====== The data ======

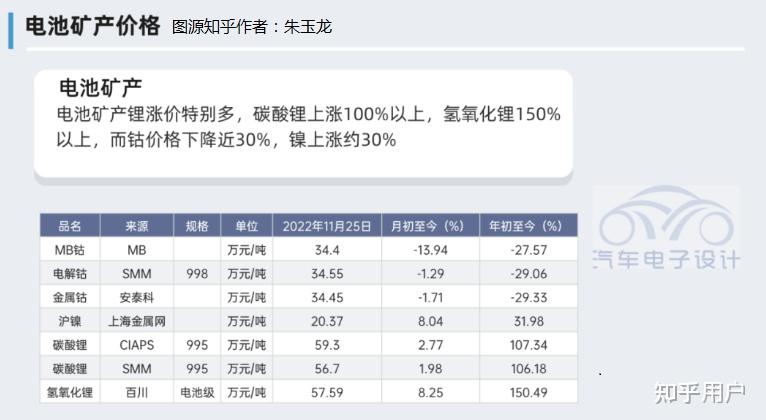 当前动力电池产业链上游价格太高了,价格压力直接传导至整车厂,上游材料涨价太厉害,源头是海外的矿厂。而动力电池成本占到汽车总成本的40%、50%、60%,并且还在不断增加。
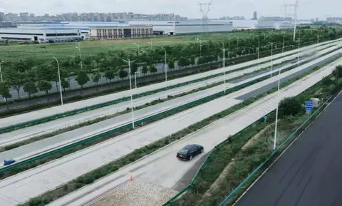 测试场中,丰富的地面振动很考验悬架耐久以及整车可靠性,这种不规则分布的碎石还会对车轮、转向系统造成很大的冲击。不过从实际体验来看,就算是面对这么高频的冲击,它的悬架还是比较从容的,传递到车内的振动不会太明显,而且虽然没有选装双层隔音玻璃,但车外的噪音也不会大幅传递到车内,豪华感做的足够了。
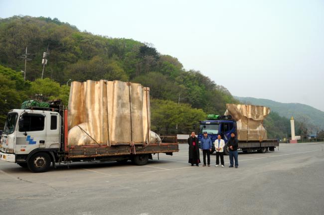 세계 평화의 청동 성모상, 천진암으로 이동 시작 !(2013.05.07. 새벽 6시 도착)
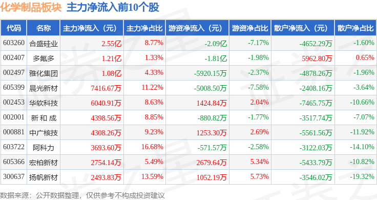 从资金流向上来看,当日化学制品板块主力资金净流出10.34亿元,游资资金净流出1.95亿元,散户资金净流入12.28亿元。化学制品板块个股资金流向见下表:
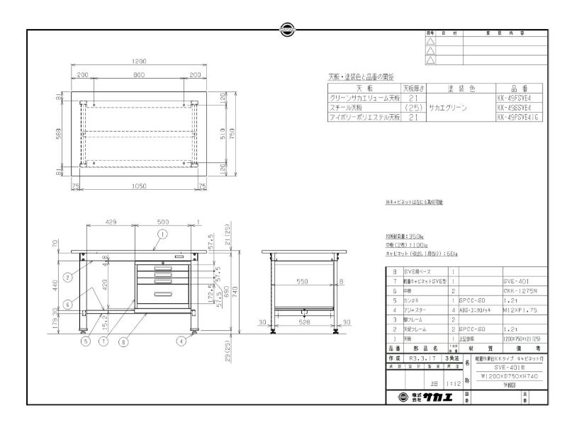 KK-49PSVE4IG 【サカエ】【固定式】軽量作業台KKタイプ(SVEキャビネット付) 幅1200×奥行750×高さ740mm
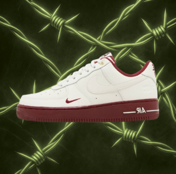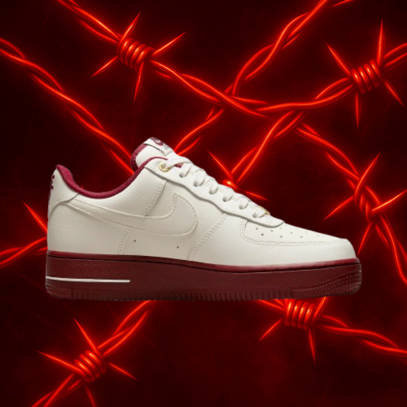 Dressed in a two-toned colourway, the Nike Air Force 1 Low 40th Anniversary White Burgundy celebrates the basketball model that was first released in 1982. The leather upper is decorated with Swoosh detailing, Nike lettering and gold accents. Underfoot, the Air midsole offers comfort and the rubber outsole provides effective grip. Padding in the collar adds extra cushioning and the perforated toe box allows for ventilation. Find your size with DXBPLUG.
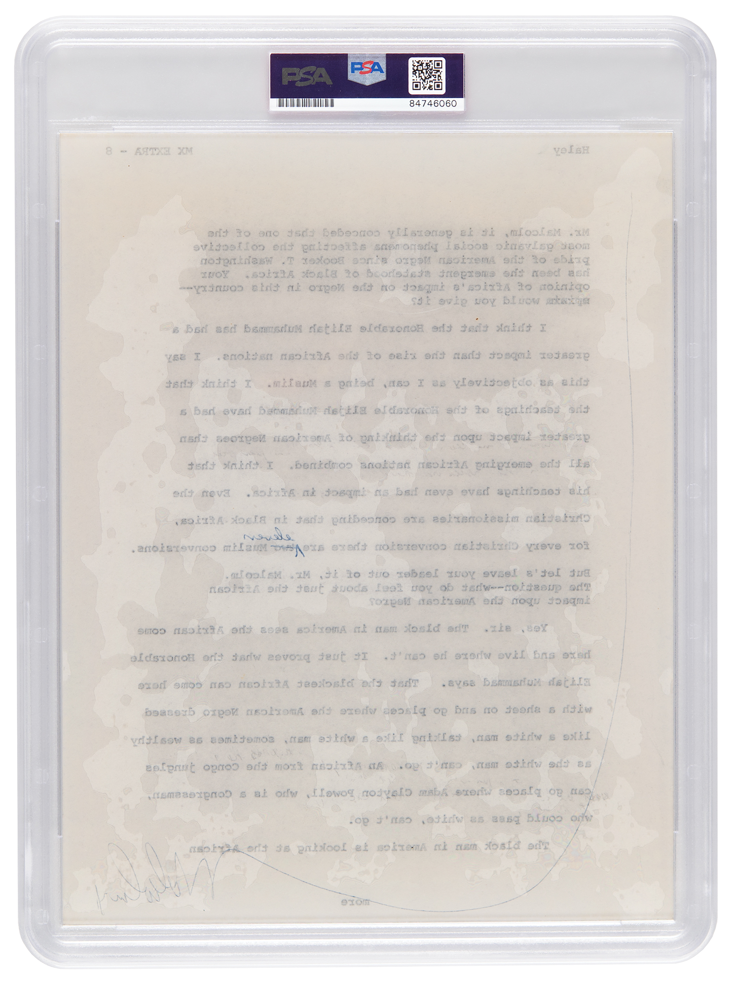 Page marked “MX EXTRA – 8” from the original typescript of Alex Haley’s 1963 interview of Malcolm X for Playboy magazine, one page, 8.5 x 11, signed "Malcolm X" in the bottom margin (with a marginal line indicating his approval of the contents). In full: [Haley] “Mr. Malcolm, it is generally conceded that one of the most galvanic social phenomena affecting the collective pride of the American Negro since Booker T. Washington has been the emergent statehood of Black Africa. Your opinion of Africa's impact on the Negro in this country — would you give it?
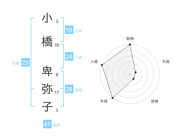 小橋 卑弥子さんの外格は23画の5点!
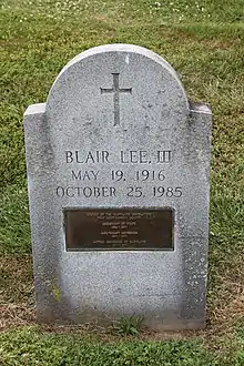 In 1980, Lee was appointed to the University of Maryland, College Park Board of Regents, where he served until his death from cancer at his home in Silver Spring on October 25, 1985.[1] After his death, commentators remarked that Lee was an able governor, but a modest politician who was not comfortable working in crowds and did not adequately distance himself from the corruption of Mandel and Mandel's predecessor, Spiro Agnew.[1] Lee was also damaged by family troubles, which included the suicide of one of his sons in 1973.[1] Nevertheless, Lee was praised by the media for his eloquence, honesty, and capable administrative skills.[1][4][6] He is buried in Rock Creek Cemetery in Washington, D.C.[3]
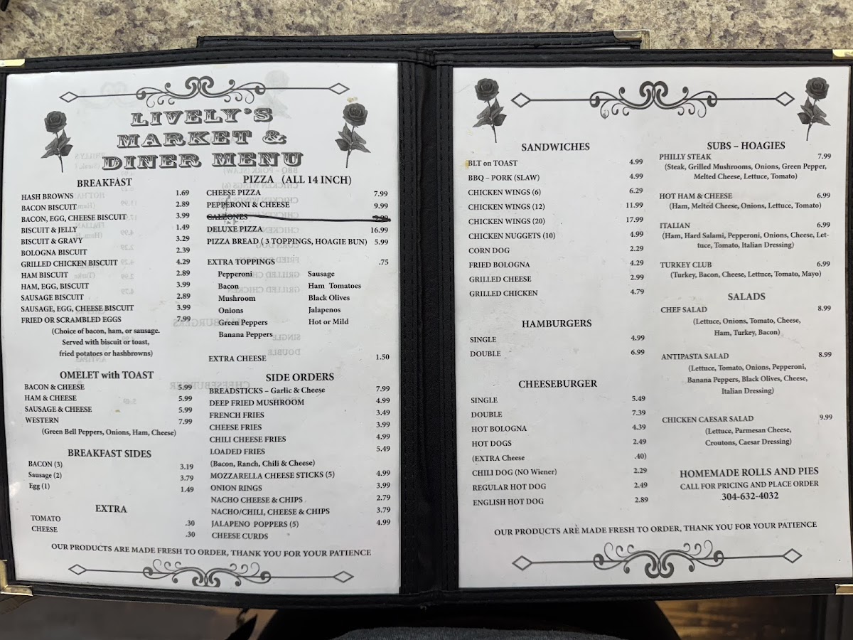 At Lively's Market And Diner Menu, you'll find a delightful mix of hearty classics and comforting favorites that will make any meal memorable. Located at 22637 Turnpike Rd, Belva, WV, this charming diner serves up everything from sizzling breakfast platters to satisfying lunch and dinner options. Whether you're craving a savory omelet to kickstart your day or a juicy burger for lunch, there's something for everyone. Their home-cooked meals, made with fresh, quality ingredients, ensure a fulfilling experience every time you visit. With a warm, welcoming atmosphere, Lively’s is perfect for both quick bites or a relaxing meal with family and friends. You won’t want to miss out on their signature dishes, which have earned them a loyal following.
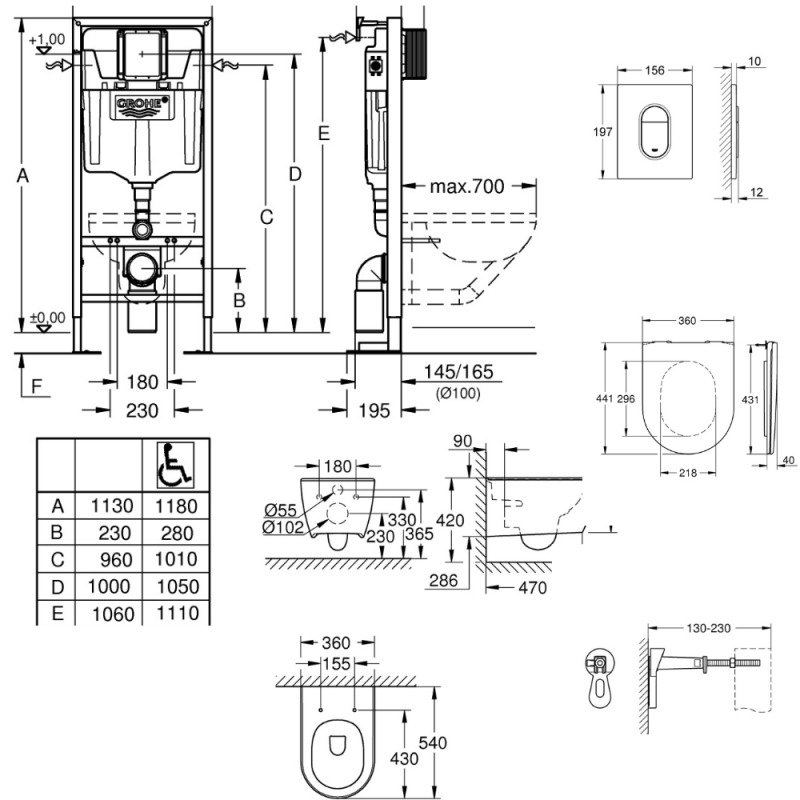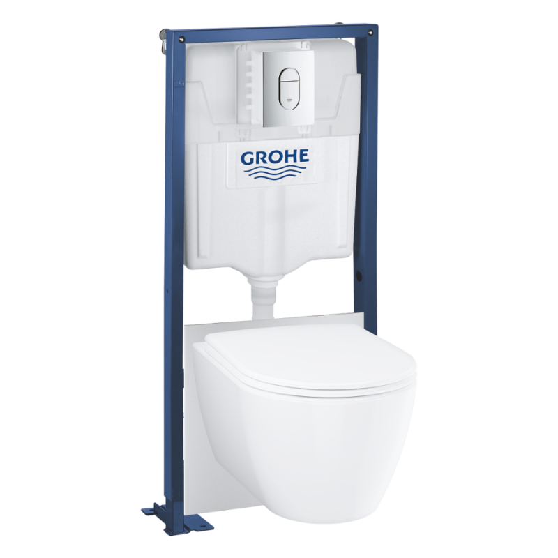 | Libellé | Grohe Pack WC suspendu sans bride Essence + abattant + plaque chromée + bâti Grohe |
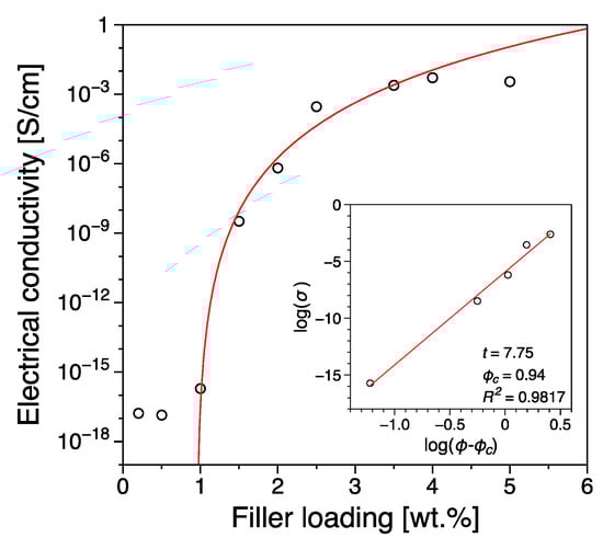 with σo a pre-exponential factor that is dependent on the conductivity of the filler, the network topology and the types of contact resistance. The terms and correspond to the filler concentration and the critical concentration at the transition (also known as percolation threshold) and t the critical exponent. The percolation threshold was estimated at 0.94 wt.% with a critical exponent of t = 7.75. We have measured each sample three times in order to establish the reproducibility of our results and we have observed an average error of ~4% for the reported values of electrical conductivity. The value of the critical exponent observed in this study is significantly higher from the theoretical value ~2 for three dimensions [46,53]. According to percolation theory for a single percolation the critical exponent is dependent only on the dimensionality of the system [53], although non-universal behavior has been reported for experimental nanocomposites with values varying from 1 to 11 [54]. The universality of the critical exponent has been confirmed by a number of numerical calculations of random resistor models [54]. The reason for the significant disparity of the critical exponent value reported in this study with respect to the theoretical predictions is difficult to pinpoint. However, it could be associated with the existence of a multi-step percolation behavior where a tunneling mechanism dominates the current flow between the conductive particles [46,55].
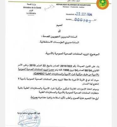 وشددت الوزارة في التعميم حصر تزويد المنشآت الصحية العمومية من طرف مركزية شراء الأدوية والمستلزمات الطبية وذلك بناءً على قانون الصيدلة رقم 2010/022 الصادر بتاريخ 22 فبراير 2010 وعلى الأمر القانوني 90/04 الصادر 04 إبريل 1990 .
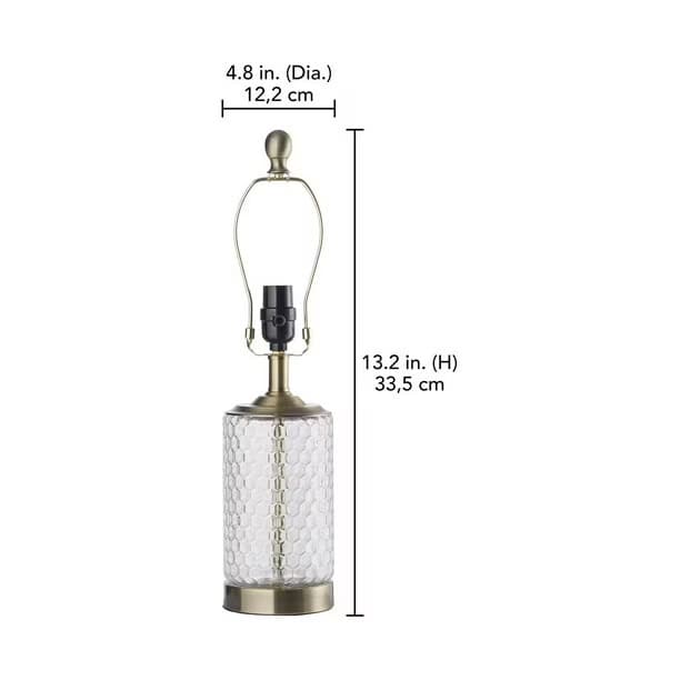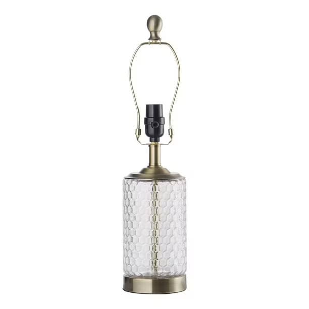 Make any space brighter with hometrends Table Lamp. Its base is made from clear glass with satin brass accents, featuring a classic, elegant design. Simply add the shade of your choice to complement the existing décor of any room and add light wherever you need it most. The ideal balance between style and function, it also has a convenient in-line switch to quickly and easily turn it on and off. From bedrooms to offices, living rooms and rec rooms, it’s the perfect lamp for any space, whether you’re lighting up your home desk or your bedside as you catch up on your nightly reading.

======

● **Task statement**
Above are the records; restate exactly the lines from the one containing "测试场中,丰富的地面振动很考" through the one containing "小橋 卑弥子さんの外格は23画の5点!", keeping pictures out.

● **Task response**
 测试场中,丰富的地面振动很考验悬架耐久以及整车可靠性,这种不规则分布的碎石还会对车轮、转向系统造成很大的冲击。不过从实际体验来看,就算是面对这么高频的冲击,它的悬架还是比较从容的,传递到车内的振动不会太明显,而且虽然没有选装双层隔音玻璃,但车外的噪音也不会大幅传递到车内,豪华感做的足够了。
 세계 평화의 청동 성모상, 천진암으로 이동 시작 !(2013.05.07. 새벽 6시 도착)
 从资金流向上来看,当日化学制品板块主力资金净流出10.34亿元,游资资金净流出1.95亿元,散户资金净流入12.28亿元。化学制品板块个股资金流向见下表:
 KK-49PSVE4IG 【サカエ】【固定式】軽量作業台KKタイプ(SVEキャビネット付) 幅1200×奥行750×高さ740mm
 Dressed in a two-toned colourway, the Nike Air Force 1 Low 40th Anniversary White Burgundy celebrates the basketball model that was first released in 1982. The leather upper is decorated with Swoosh detailing, Nike lettering and gold accents. Underfoot, the Air midsole offers comfort and the rubber outsole provides effective grip. Padding in the collar adds extra cushioning and the perforated toe box allows for ventilation. Find your size with DXBPLUG.
 Page marked “MX EXTRA – 8” from the original typescript of Alex Haley’s 1963 interview of Malcolm X for Playboy magazine, one page, 8.5 x 11, signed "Malcolm X" in the bottom margin (with a marginal line indicating his approval of the contents). In full: [Haley] “Mr. Malcolm, it is generally conceded that one of the most galvanic social phenomena affecting the collective pride of the American Negro since Booker T. Washington has been the emergent statehood of Black Africa. Your opinion of Africa's impact on the Negro in this country — would you give it?
 小橋 卑弥子さんの外格は23画の5点!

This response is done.